Jeweled Water

A free-swimming male Sapphirina. Photo by Ned and Anna DeLoach

The salon is empty as I come up from my cabin. Squinting through the morning glare, I see my shipmates outside along the starboard railing. Their pointing fingers are followed by rounds of applause, cheers and excited chatter. This behavior isn’t unusual on liveaboard voyages, especially in Raja Ampat, Indonesia, where marine life is often as exciting above water as below. It’s usually pods of porpoises or whale spouts that send everyone scrambling to the rails. But this gathering is different. Instead of looking out to sea, every eye is cast straight down.

A male Sapphirina displays for mates.
A male Sapphirina displays for mates.

Intrigued, I pour a cup of coffee and wedge into the lineup beside Anna. Glancing over, she grabs my arm and stammers, “Sapphirinas like I’ve never imagined are everywhere! Look!” Following the sweep of her arm, I see hundreds of golden flashes beneath the surface. “This must be what the Japanese call ‘jeweled water,’” she adds with a sigh.
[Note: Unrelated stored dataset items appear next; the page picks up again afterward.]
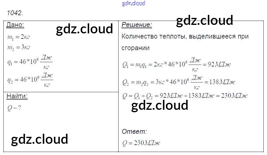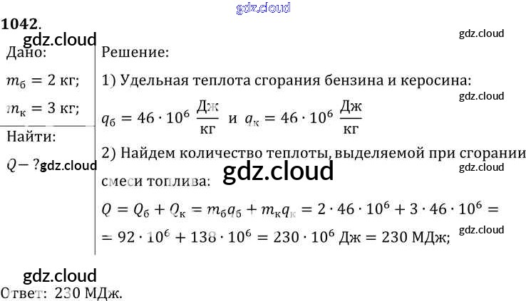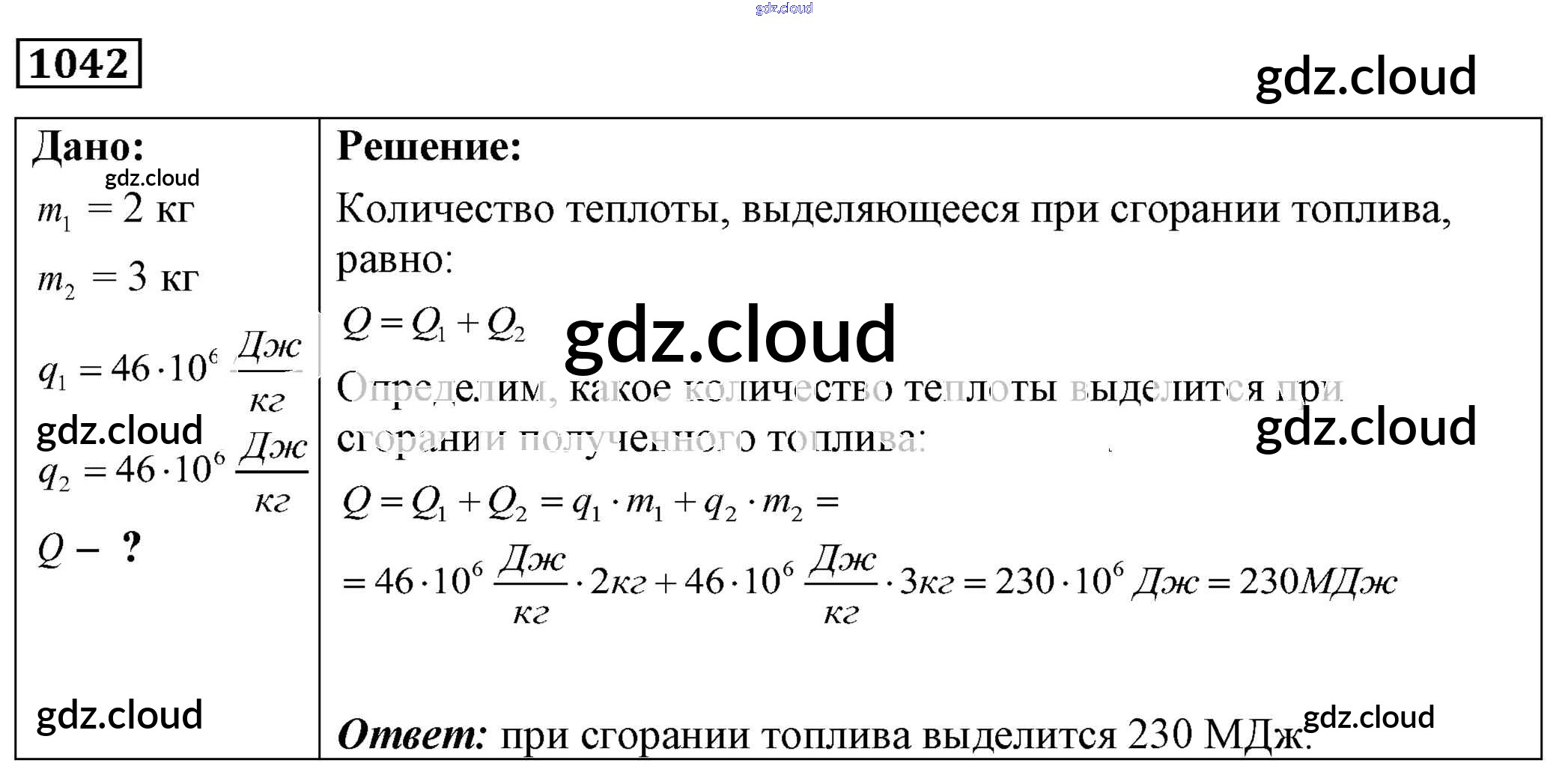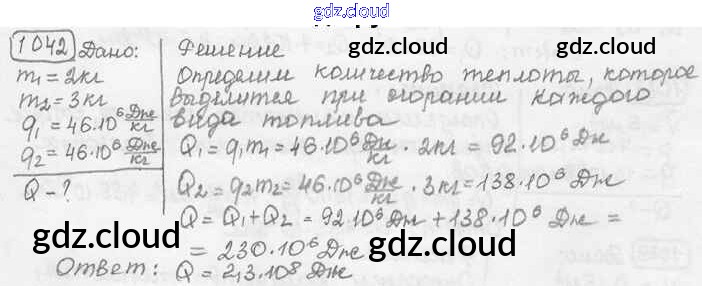 Ответ на задание 1042 Сборник задач Физика за 7, 8, 9 (седьмой, восьмой, девятый) класс Лукашик, Иванова 2011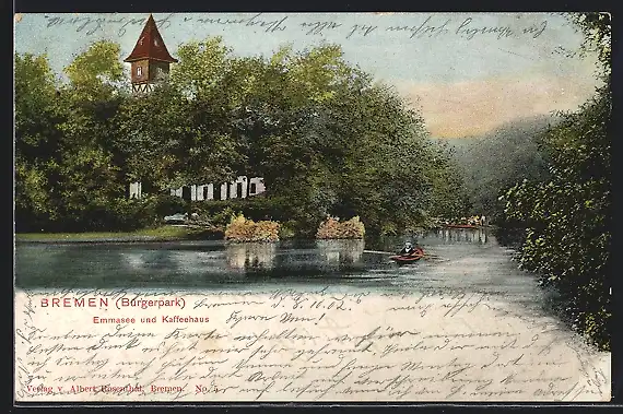 AK Bremen, Emmasee und Kaffeehaus im Bürgerpark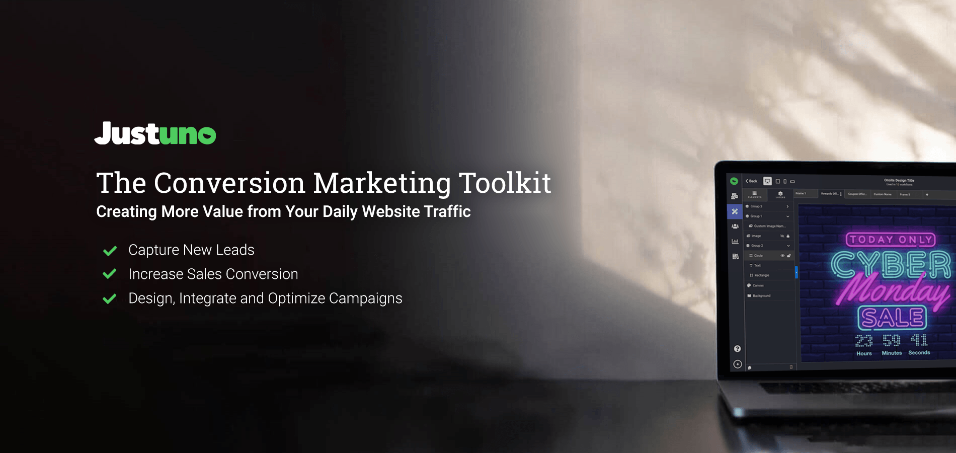 Justuno is the most advanced on-site visitor conversion platform on the market, utilizing billions of user data points to provide intelligent lead captures, personalized website messaging, and actionable insights that turn website views into conversions.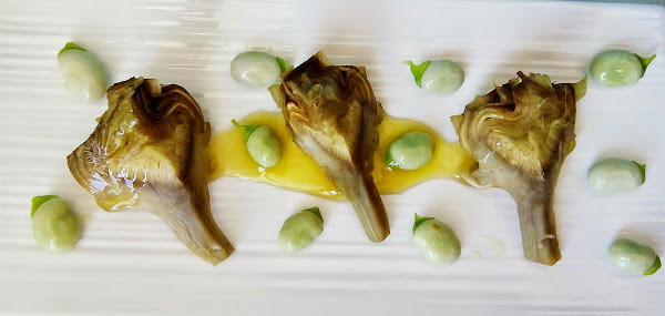 Pelar las habas quitándole los nervios de los lados y dejando algunos trozos de vainas que estén en perfecto estado, quitar las hojas más duras de las alcachofas y quitarles la punta (unos 4 cm que prácticamente quede el corazón) partirlas en cuatro trozos.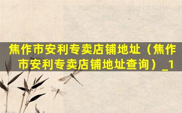 焦作市安利专卖店铺地址(焦作市安利专卖店铺地址查询)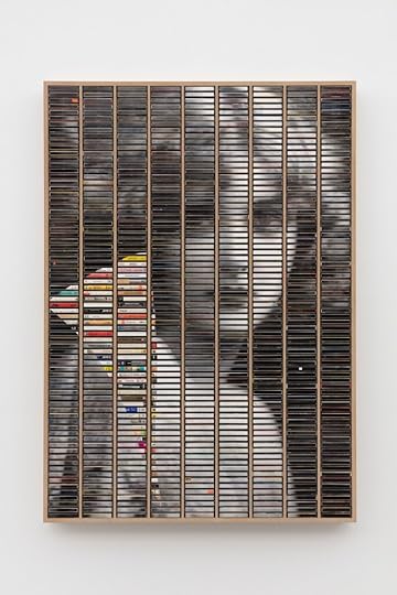 Gregor Hildebrandt’s signature media are cassette tape and vinyl, which he collages and assembles into apparently minimalist yet latently romantic paintings, sculptures, and installations. Resting in silence behind the glossy surface of his analog aesthetics, which verges on black and white monochrome, music and cinema haunt his practice. Whether pictorial or sculptural, all of his works contain prerecorded materials, which he references in the titles.These pop-cultural sources, usually a single song, are meant to trigger both collective and personal memories. Like analog storage media, his distinctive rip-off technique is a metaphor for the mnestic process itself: it consists in rubbing magnetic coating against double-sided adhesive tape stuck on canvas to trace intricate and elusive powdery patterns. Further relating to architectural Gesamtkunstwerk, Hildebrandt’s monumental sonic barriers made of stacked, bowl-shaped records and his sensual wall curtains made of unreeled tapes create paths for the visitors of his shows.
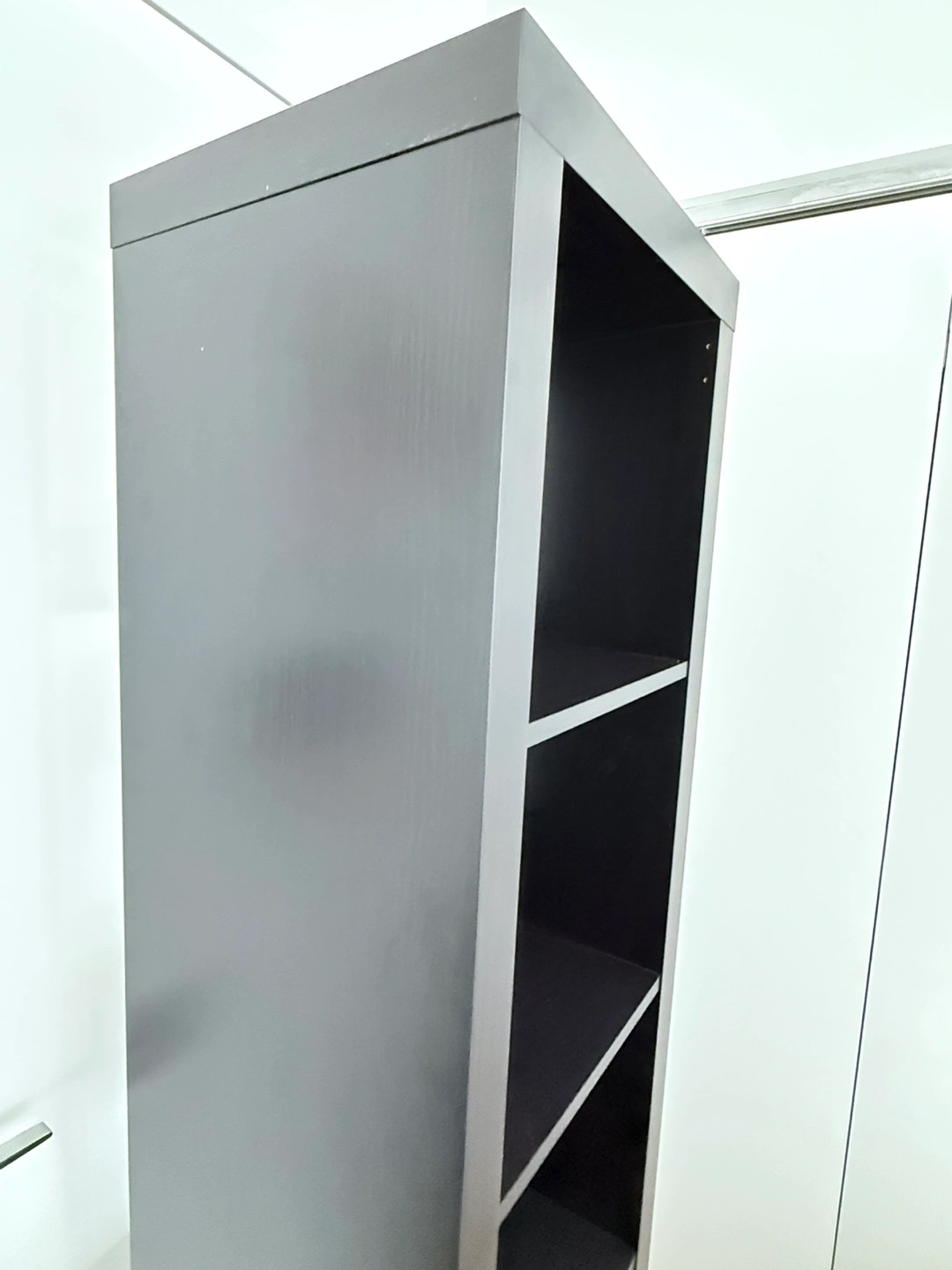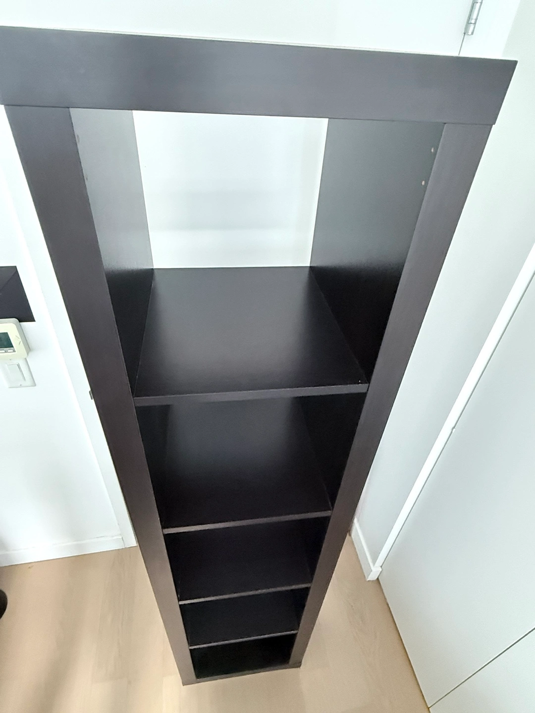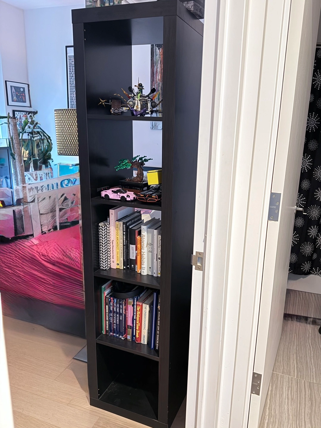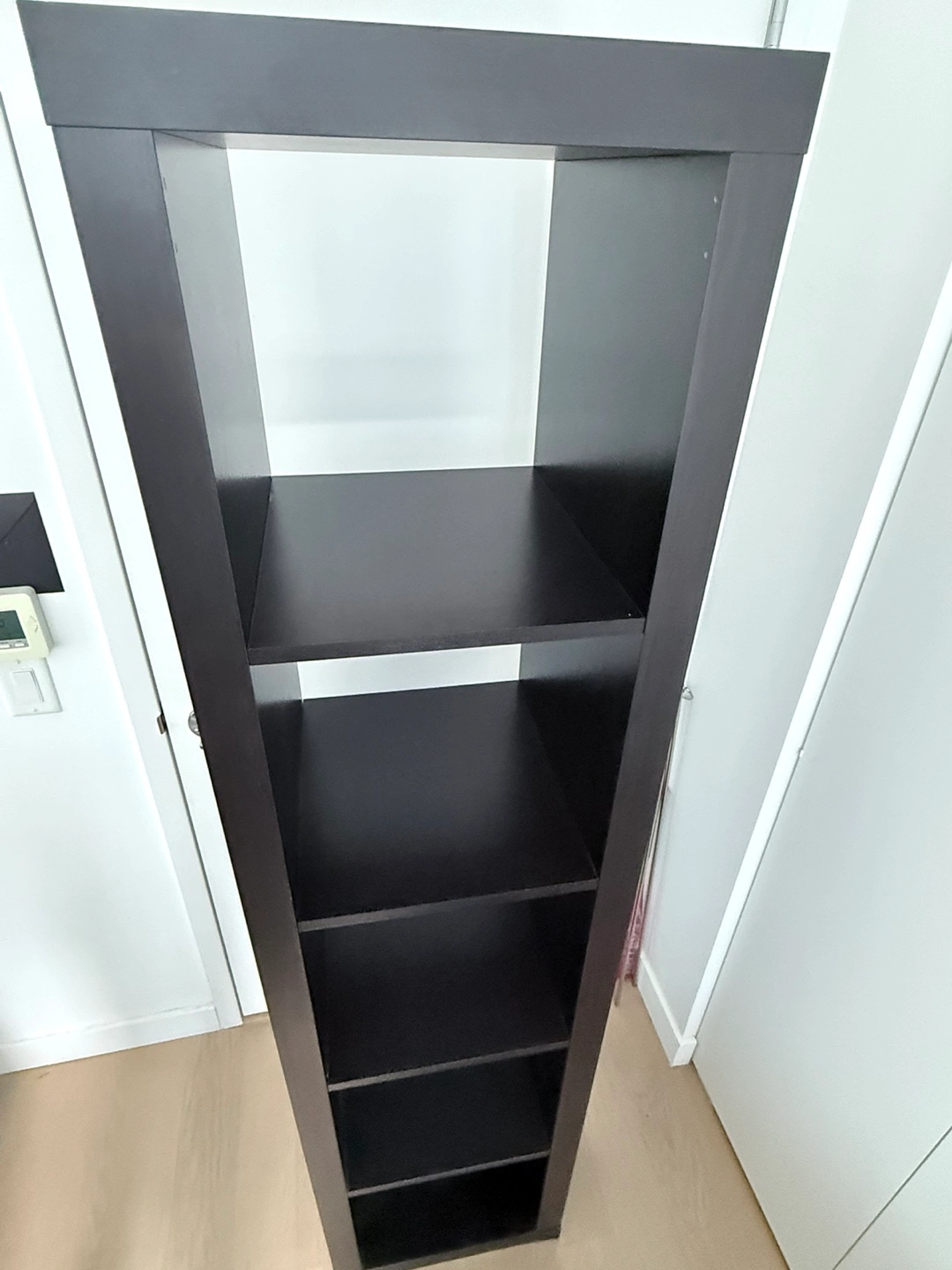 1000+Tall, narrow shelving unit. Five open shelves. Dark brown finish. Perfect for books, decor, or storage. Dark brown wood-look finish. Condition is good. Can be unassembled for pick up and travel. Elevator and garage entrance too. Dimensions: 17.5” Wx 15.5”Dx 72”H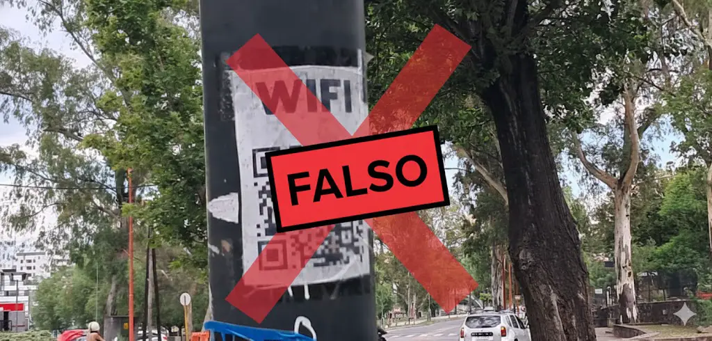 En torno al edificio municipal, sobre avenida San Martín este lunes había muchos carteles de este tipo en postes de alumbrado público. Invitan a abrir el QR en el celular con la excusa de una conexión de WIFI gratuita. No caigas, es mentira.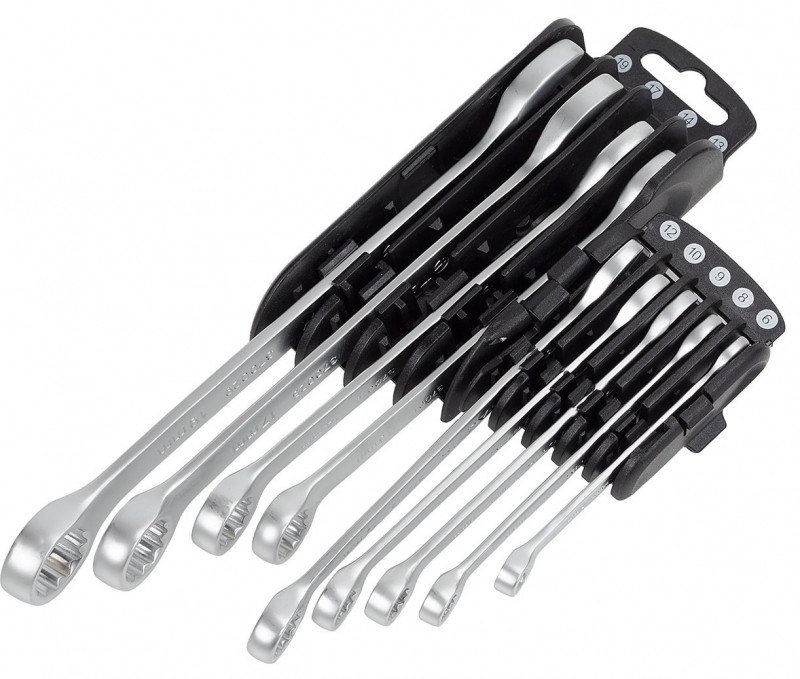 - 9-dielna sada očko-vidlicových kľúčov: 6 - 8 - 9 - 10 - 12 - 13 - 14 - 17 - 19 mm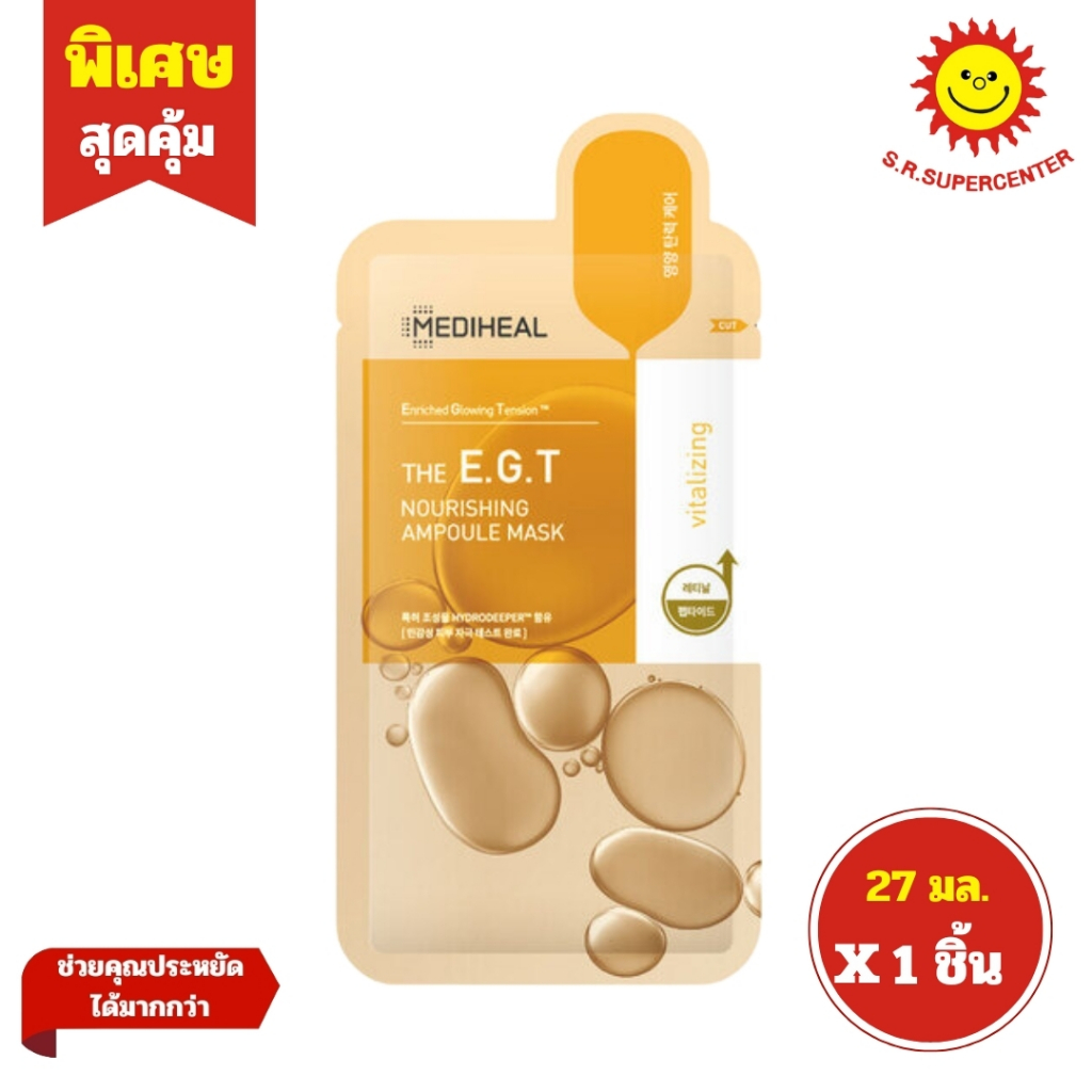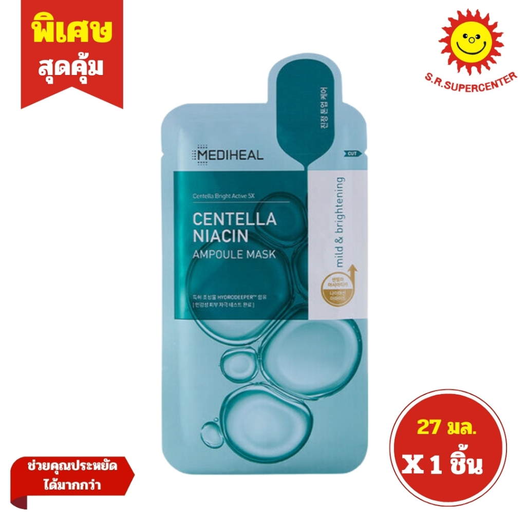 [ 1ชิ้น ] Mediheal Ampoule Mask เมดิฮีล แผ่นมาสก์หน้าแอมพูล ขนาด 27 มล. (1ซอง) คละสูตร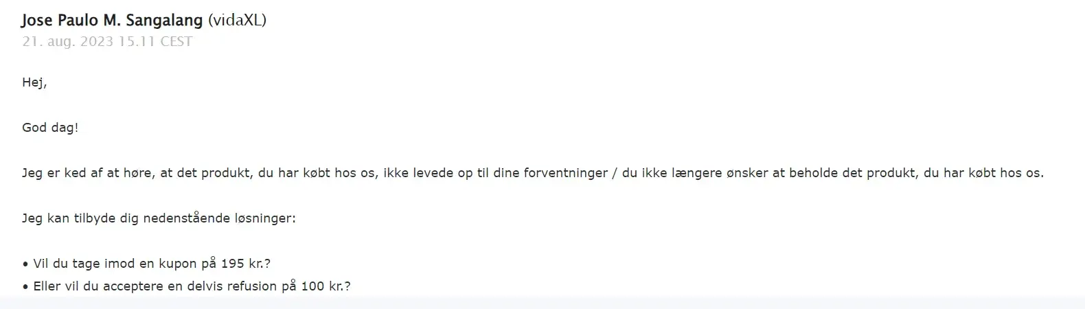 2. we are sorry, would you like a voucher of 100dkk (less than a tenth of what I paid) as compensation. I replied, that I wanted either full refund or the sink I ordered and paid for)

Like many divers, Anna and I have occasionally caught glimpses of mysterious winks of bright color while underwater. We later learned that the flashes are the nuptial displays of lovelorn male copepods commonly known as sea sapphires. For fear of being picked off by predators while near the sunlit surface, the tiny crustaceans (measuring between 0.05 and 0.16 inches) have evolved a unique adaptation that allows them to attract mates one second and thwart predators the next by becoming transparent, which is as close to invisible as nature allows.

A study in 2015 explained how different angles of light reflecting off stacked layers of honeycombed crystals create the ephemeral panoply of colors, which includes gold and blue-green iridescence. When the light’s angle descends into the lower wavelengths, the sea sapphires spontaneously disappear.

A female Sapphirina with attached egg sacs

Copepods are one of the most abundant groups of animals in the ocean and a key component of the food web. Along with an assortment of oceanic creatures, they make vertical migrations from the depths each evening to feed near the surface under the cover of darkness — except for those in the genus Sapphirina, which alter their schedule to mate in the morning sunlight.

A salp releases an asexually produced nurse chain.

Almost everyone, except possibly Anna, has forgotten about the sea sapphires by the time we tumble over the sides of our dinghy and head for an outcropping where we plan to ride the current along a sloping reef line. Rounding the point, our group is whisked into a undersea dreamscape bewitched by blinking males stretching as far as the eye can see.

Our dive becomes a breathtaking bluewater drift among not only impassioned copepods but also salps. These pelagic relatives of bottom-dwelling tunicates float past in see-through pods and attach together in long, glistening chains. We are swimming in a salp bloom, precipitated by a phytoplankton bloom, which is the gelatinous vegetarians’ favorite food. And as we are about to discover, the sudden wealth of salps plays a pivotal role in the sea sapphires’ love life.

I impulsively attempt to photograph the winking copepods, which promptly turns into an exercise in frustration. A tug on my fin breaks my concentration. Anna holds up her slate with a single bold word: females. She nods toward Wendy Brown, our cruise director, hovering near the surface. As I arrive, Wendy points toward a salp with a female Sapphirina inside with two streaming egg sacs. A brief survey reveals numerous females riding inside the salps and tiny males occasionally clinging to the outside. Things happen rapidly in the reproductive world of Sapphirinas. Researchers in an aquarium setting have recorded females mating, producing eggs, and then, along with their hatchlings, consuming the salps’ organs before abandoning the premises, all within 48 hours.

blank
A female Sapphirina hitches a ride inside a salp.

My attention shifts to the ubiquitous open-ended, barrel-shaped salps that move about by drawing in water along with phytoplankton, which are filtered with a centrally located feeding net. The scheme works to perfection: Fueled by phytoplankton, salps have one of the fastest growth rates and most rapid generational turnovers of any multicellular animal.

The salps’ two-part reproductive cycle orchestrates the unprecedented production. Single embryos, sexually produced inside the central canals of fertilized females, increase in length by up to an astounding 20 percent an hour. After leaving home and floating free, each pod soon asexually produces a spiraling chain consisting of up to 100 miniature adults. At their peak, blooms can increase populations by 250 percent a day until the phytoplankton are devoured. Without food the salps starve in short order and sink, taking a payload of atmospheric carbon to the seafloor. By luck, we are swimming through one of the ocean’s phenomenal boom-and-bust cycles, with Sapphirinas highlighting the unforgettable affair.

Eager to repeat the experience, we go back to the site after lunch. To our chagrin, only a scattering of salps remains, and the jeweled water is gone — vanishing as quickly as it appeared.